The good news is that our first batch of premmie twins – Ella and Bella – are absolutely thriving. The bad news is that we’ve now had four sets of twins out of 10 cows.
At first blush, you’d think I’d be overjoyed but lots of twins is not a cause for celebration on a dairy farm. Twins take their toll on the mother cow, who is more likely to have trouble calving, more likely to be sick afterwards and all this also affects her production and ability to get back in calf next season. The calves are also more likely to be unwell because they tend to be smaller and suffer more difficult births. The female twin of a male/female pair is nearly certain to be a freemartin, unable to breed.
One of our favourite cows, 771, gave birth to a small but gutsy heifer this morning and then we discovered another set of hoofs coming out. Sadly, Wayne had to give 771 help and, despite us acting immediately, the second little girl was stillborn. As I held the first little calf, Laura, while she had her first drink, I couldn’t help but feel a lump in my throat as I heard Wayne carry her dead twin away.

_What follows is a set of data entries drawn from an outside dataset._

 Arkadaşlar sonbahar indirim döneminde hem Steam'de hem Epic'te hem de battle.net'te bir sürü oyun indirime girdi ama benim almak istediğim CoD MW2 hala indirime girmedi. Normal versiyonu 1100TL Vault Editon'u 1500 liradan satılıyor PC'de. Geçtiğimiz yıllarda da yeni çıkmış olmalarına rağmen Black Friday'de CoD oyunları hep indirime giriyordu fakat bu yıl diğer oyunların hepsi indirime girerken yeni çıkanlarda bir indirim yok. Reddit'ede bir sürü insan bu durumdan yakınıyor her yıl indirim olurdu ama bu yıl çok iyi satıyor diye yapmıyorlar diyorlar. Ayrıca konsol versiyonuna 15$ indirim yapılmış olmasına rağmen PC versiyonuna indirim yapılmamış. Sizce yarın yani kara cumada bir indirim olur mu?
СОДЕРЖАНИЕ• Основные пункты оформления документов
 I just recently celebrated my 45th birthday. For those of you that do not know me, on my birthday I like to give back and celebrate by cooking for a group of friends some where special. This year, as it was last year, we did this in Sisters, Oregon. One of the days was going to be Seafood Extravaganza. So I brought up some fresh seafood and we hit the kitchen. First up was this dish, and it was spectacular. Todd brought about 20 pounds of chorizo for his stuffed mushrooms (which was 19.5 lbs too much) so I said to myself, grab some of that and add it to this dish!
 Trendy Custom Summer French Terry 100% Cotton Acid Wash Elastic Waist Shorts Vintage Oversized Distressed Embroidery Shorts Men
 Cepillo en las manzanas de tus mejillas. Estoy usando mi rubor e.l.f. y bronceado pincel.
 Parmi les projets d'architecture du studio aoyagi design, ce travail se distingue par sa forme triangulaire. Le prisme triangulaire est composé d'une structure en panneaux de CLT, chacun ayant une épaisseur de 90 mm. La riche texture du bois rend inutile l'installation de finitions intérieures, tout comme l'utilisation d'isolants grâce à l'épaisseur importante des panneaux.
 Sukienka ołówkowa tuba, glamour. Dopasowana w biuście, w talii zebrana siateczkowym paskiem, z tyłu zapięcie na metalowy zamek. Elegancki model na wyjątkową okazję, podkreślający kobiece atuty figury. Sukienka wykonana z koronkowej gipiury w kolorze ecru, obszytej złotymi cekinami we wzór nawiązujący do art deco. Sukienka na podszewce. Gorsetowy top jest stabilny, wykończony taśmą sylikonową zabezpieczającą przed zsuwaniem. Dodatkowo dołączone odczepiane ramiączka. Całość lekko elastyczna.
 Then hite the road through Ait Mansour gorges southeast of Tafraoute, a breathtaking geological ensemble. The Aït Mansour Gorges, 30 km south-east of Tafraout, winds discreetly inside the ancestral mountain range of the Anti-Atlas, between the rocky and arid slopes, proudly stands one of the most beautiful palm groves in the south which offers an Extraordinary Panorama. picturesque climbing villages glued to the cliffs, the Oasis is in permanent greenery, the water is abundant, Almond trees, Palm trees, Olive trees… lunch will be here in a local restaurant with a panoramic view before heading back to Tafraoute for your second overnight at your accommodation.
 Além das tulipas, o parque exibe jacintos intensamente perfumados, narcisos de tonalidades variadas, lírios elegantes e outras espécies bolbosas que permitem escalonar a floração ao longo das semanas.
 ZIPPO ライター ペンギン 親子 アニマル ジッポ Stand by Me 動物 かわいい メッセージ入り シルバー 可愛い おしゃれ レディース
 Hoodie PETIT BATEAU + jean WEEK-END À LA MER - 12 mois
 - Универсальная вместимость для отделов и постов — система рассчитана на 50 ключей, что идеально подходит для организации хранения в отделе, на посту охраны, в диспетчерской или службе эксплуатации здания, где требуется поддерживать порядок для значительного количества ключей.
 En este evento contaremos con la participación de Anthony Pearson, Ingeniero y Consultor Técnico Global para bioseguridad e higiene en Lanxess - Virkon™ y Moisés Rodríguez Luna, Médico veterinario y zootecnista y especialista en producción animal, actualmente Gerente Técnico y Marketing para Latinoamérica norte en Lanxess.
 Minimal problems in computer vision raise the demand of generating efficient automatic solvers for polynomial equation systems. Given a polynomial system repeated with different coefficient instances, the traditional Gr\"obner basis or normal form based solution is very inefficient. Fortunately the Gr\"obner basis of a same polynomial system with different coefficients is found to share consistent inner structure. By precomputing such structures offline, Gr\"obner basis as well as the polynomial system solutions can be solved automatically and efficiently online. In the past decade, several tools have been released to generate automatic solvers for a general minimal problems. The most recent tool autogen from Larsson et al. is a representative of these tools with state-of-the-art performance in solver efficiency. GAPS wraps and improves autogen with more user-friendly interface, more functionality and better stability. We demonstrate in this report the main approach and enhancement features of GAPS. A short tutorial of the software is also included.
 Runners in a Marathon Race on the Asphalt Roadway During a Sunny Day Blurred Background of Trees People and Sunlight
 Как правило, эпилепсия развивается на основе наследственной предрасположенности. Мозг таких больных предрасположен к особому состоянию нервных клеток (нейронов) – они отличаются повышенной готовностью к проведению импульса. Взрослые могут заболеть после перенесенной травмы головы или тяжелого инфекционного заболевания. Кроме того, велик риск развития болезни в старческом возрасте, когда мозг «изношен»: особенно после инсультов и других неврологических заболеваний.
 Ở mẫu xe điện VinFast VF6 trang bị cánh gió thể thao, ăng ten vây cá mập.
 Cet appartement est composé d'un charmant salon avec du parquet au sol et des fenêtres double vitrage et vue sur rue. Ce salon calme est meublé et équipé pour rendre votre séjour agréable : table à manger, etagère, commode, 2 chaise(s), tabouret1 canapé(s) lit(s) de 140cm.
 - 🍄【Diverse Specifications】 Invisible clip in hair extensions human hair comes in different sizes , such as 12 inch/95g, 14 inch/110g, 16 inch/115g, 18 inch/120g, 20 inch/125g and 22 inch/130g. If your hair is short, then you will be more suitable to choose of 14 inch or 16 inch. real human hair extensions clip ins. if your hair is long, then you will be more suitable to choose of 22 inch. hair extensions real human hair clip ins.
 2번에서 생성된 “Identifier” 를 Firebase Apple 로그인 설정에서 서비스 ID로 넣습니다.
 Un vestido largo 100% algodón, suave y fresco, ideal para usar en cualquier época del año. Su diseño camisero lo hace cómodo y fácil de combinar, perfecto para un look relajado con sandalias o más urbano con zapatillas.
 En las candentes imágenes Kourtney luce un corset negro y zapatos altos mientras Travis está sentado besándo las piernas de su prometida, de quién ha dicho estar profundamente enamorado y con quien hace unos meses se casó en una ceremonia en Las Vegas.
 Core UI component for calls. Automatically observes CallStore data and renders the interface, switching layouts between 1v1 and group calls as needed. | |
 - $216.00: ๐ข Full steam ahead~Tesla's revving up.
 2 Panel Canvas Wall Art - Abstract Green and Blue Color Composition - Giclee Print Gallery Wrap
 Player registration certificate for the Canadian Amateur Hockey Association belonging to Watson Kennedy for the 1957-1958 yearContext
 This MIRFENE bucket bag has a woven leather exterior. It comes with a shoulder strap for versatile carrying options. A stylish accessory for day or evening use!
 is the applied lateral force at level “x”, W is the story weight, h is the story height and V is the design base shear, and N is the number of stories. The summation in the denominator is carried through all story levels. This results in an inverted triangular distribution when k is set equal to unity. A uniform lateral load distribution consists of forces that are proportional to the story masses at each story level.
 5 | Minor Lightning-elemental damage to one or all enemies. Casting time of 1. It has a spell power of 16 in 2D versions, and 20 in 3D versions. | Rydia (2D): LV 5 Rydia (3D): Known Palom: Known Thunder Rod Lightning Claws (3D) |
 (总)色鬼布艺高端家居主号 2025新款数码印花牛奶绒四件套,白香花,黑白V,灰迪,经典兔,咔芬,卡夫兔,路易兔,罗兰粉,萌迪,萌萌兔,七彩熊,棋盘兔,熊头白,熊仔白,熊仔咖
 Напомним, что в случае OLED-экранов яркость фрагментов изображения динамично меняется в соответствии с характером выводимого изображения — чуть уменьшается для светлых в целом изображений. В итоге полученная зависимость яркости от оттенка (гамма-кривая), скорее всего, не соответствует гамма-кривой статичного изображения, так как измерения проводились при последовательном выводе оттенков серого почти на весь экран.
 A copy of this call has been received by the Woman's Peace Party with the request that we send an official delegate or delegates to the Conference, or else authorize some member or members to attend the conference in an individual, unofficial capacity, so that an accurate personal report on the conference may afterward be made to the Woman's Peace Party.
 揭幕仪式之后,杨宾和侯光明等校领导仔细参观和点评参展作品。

I wonder what’s causing this? I hope it’s just a run of bad luck but other farmers have reported increased twinning on their farms too this season. The research suggests that lots of great quality feed at breeding time might be the cause and, yes, nine months ago, the cows did have a wonderful diet. Maybe that’s the reason but it does leave a farmer scratching her head and crossing her fingers (if it’s possible to do both at once!).